无法使用 Playwright 和 BeautifulSoup 抓取元素
Cannot webscrape elements with Playwright and BeautifulSoup
我正在尝试将我的网络抓取脚本更新为网站(https://covid19.gov.vn/) have updated but I can't for my life found out how to parse these elements。检查元素似乎像往常一样,但我无法用 BeautifulSoup 解析它。我最初的尝试包括使用 Playwright 并再次尝试,但我仍然无法正确地抓取它。查看源代码,它几乎就像元素根本不存在一样。任何对 HTML 和网络抓取有更多了解的人都可以向我解释这是如何工作的吗?我几乎卡在这里
这基本上是我放弃查看页面源之前的最后一次尝试:
from bs4 import BeautifulSoup as bs
import requests
from playwright.sync_api import sync_playwright
with sync_playwright() as p:
browser = p.chromium.launch()
page = browser.new_page()
page.goto("https://covid19.gov.vn/")
page_content = page.content()
soup = bs(page_content, features="lxml")
test = soup.findAll('div', class_ = "content-tab show", id="vi")
print(test)
browser.close()
我的想法是抓取并迭代其中的所有内容。但是,它不起作用。如果有人可以帮助我,我将不胜感激!谢谢!

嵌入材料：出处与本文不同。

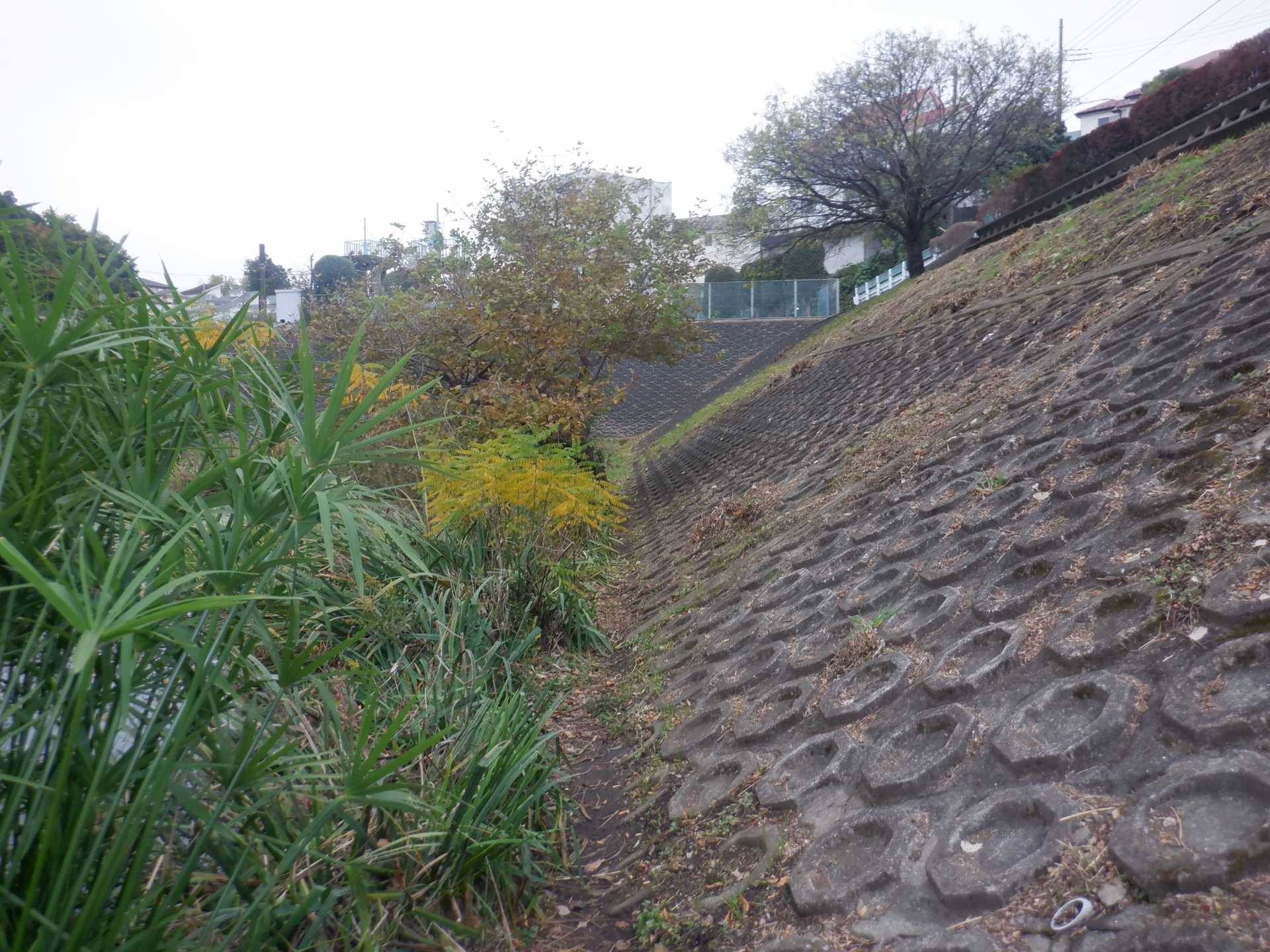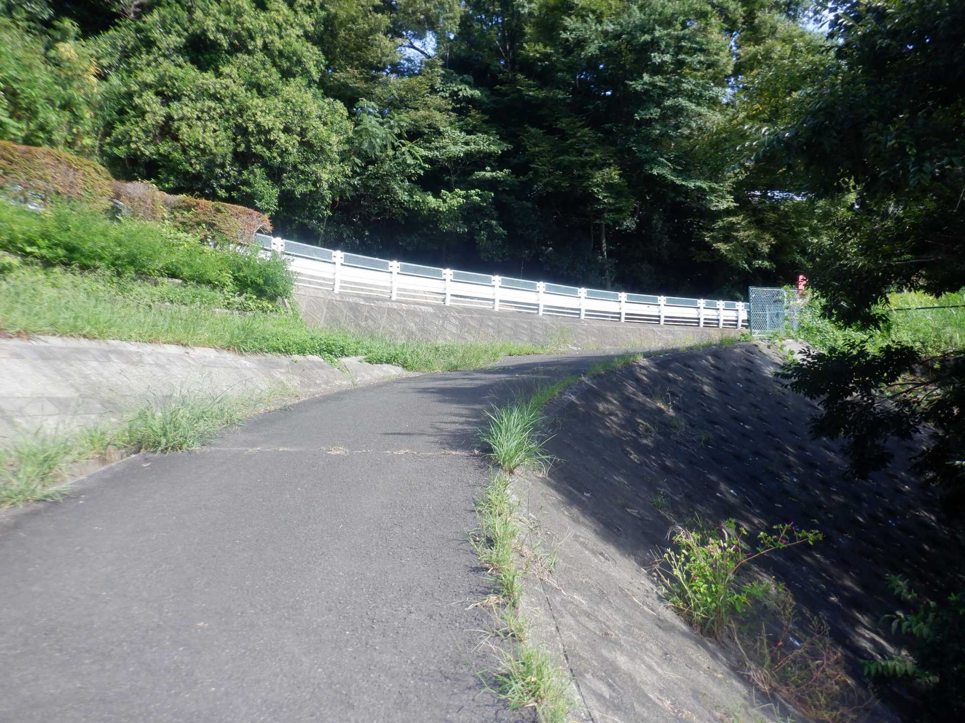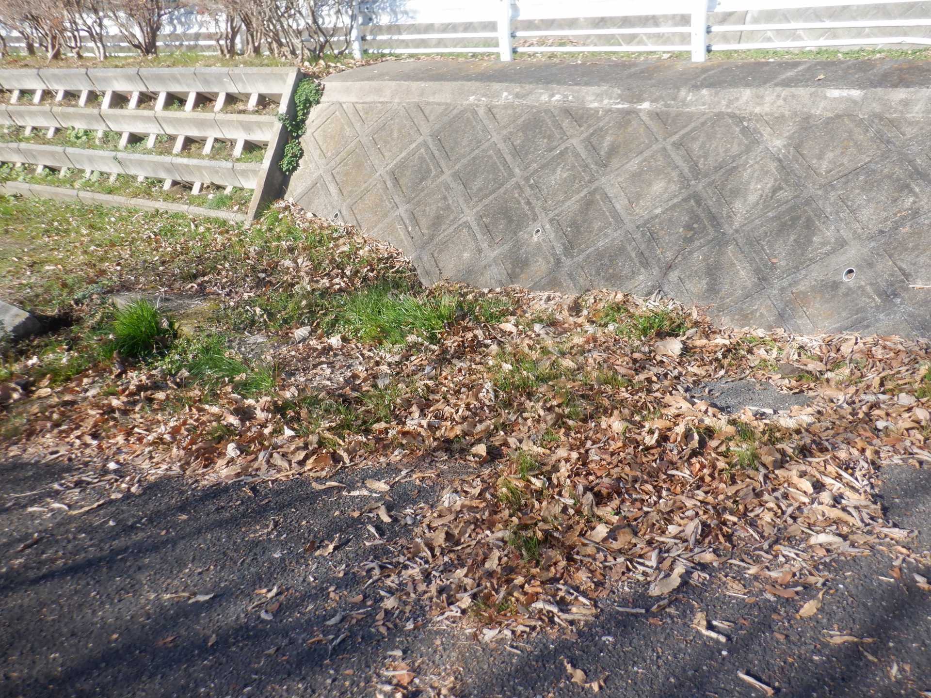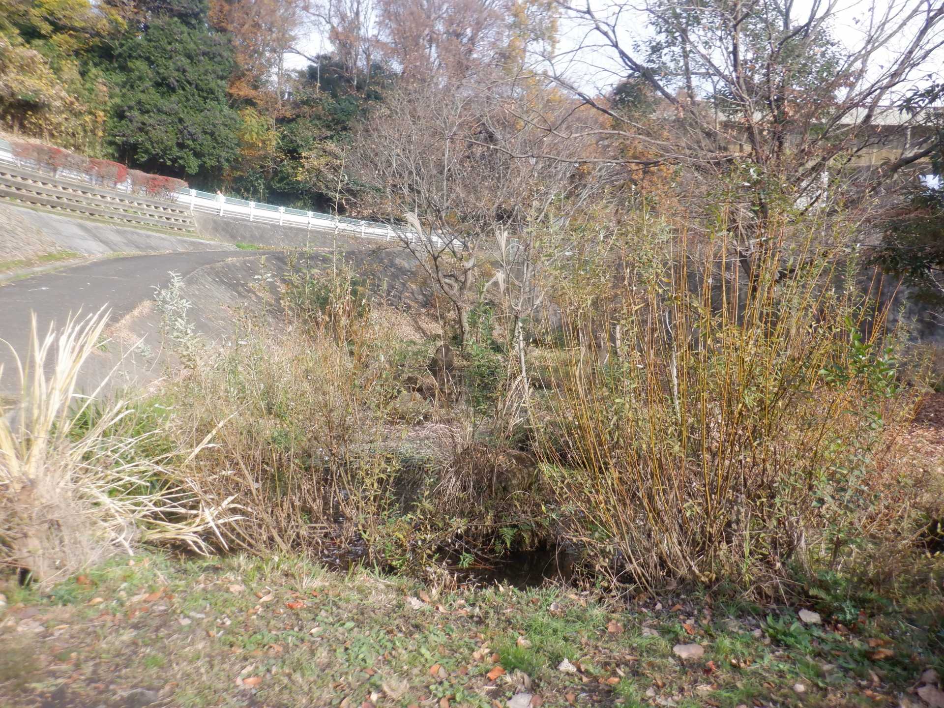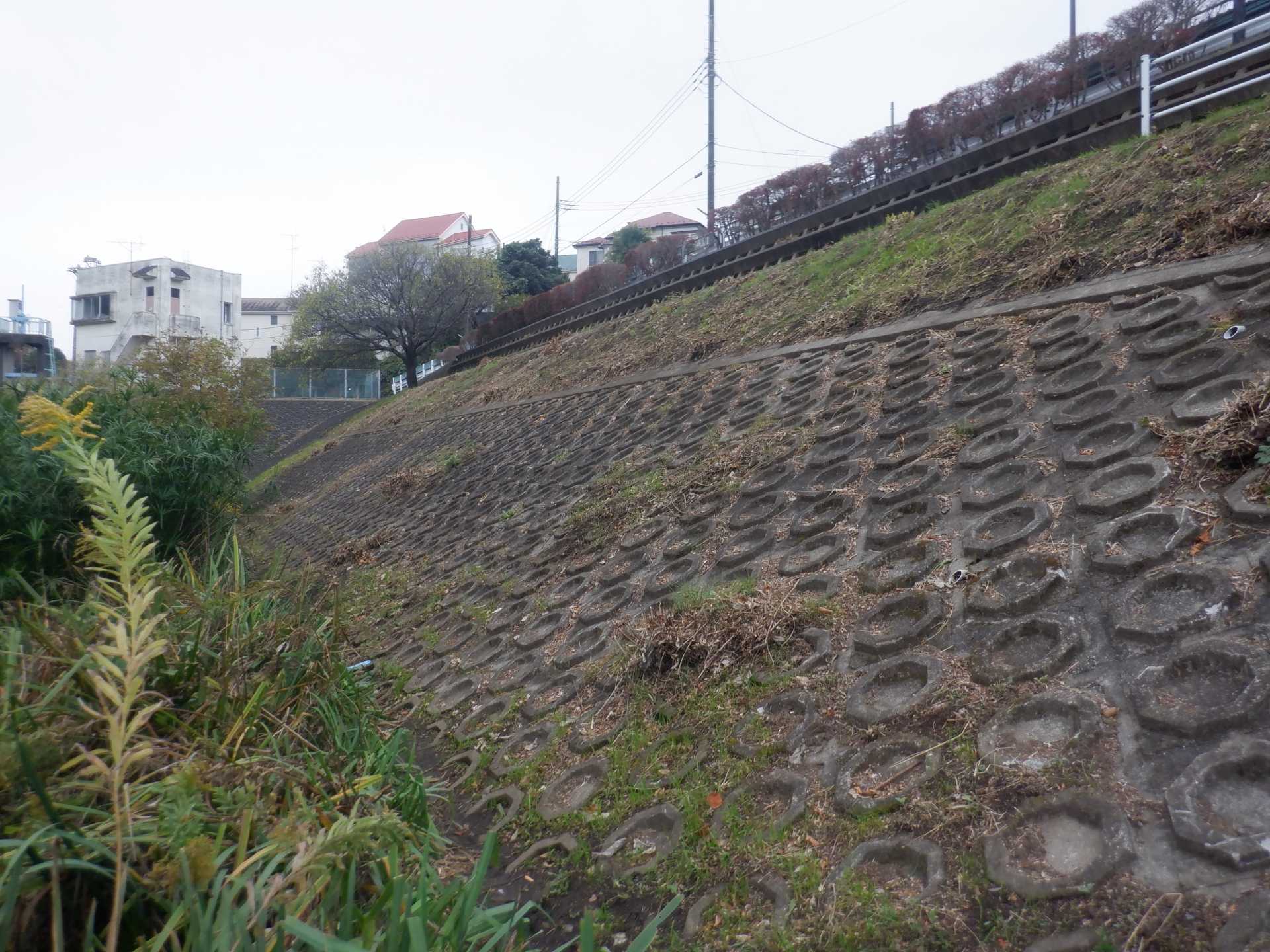 題なく倒せましたが、モチは遊水地の壁に倒れかかり、びくともしません。擁壁上で

试试下面的代码 - 它基于 HTTP GET 调用获取您要查找的数据。
import requests
r = requests.get('https://static.pipezero.com/covid/data.json')
if r.status_code == 200:
data = r.json()
print(data['total']['internal'])
输出
{'death': 17545, 'treating': 27876, 'cases': 707436, 'recovered': 475343}
我正在尝试将我的网络抓取脚本更新为网站(https://covid19.gov.vn/) have updated but I can't for my life found out how to parse these elements。检查元素似乎像往常一样,但我无法用 BeautifulSoup 解析它。我最初的尝试包括使用 Playwright 并再次尝试,但我仍然无法正确地抓取它。查看源代码,它几乎就像元素根本不存在一样。任何对 HTML 和网络抓取有更多了解的人都可以向我解释这是如何工作的吗?我几乎卡在这里
这基本上是我放弃查看页面源之前的最后一次尝试:
from bs4 import BeautifulSoup as bs
import requests
from playwright.sync_api import sync_playwright
with sync_playwright() as p:
browser = p.chromium.launch()
page = browser.new_page()
page.goto("https://covid19.gov.vn/")
page_content = page.content()
soup = bs(page_content, features="lxml")
test = soup.findAll('div', class_ = "content-tab show", id="vi")
print(test)
browser.close()
我的想法是抓取并迭代其中的所有内容。但是,它不起作用。如果有人可以帮助我,我将不胜感激!谢谢!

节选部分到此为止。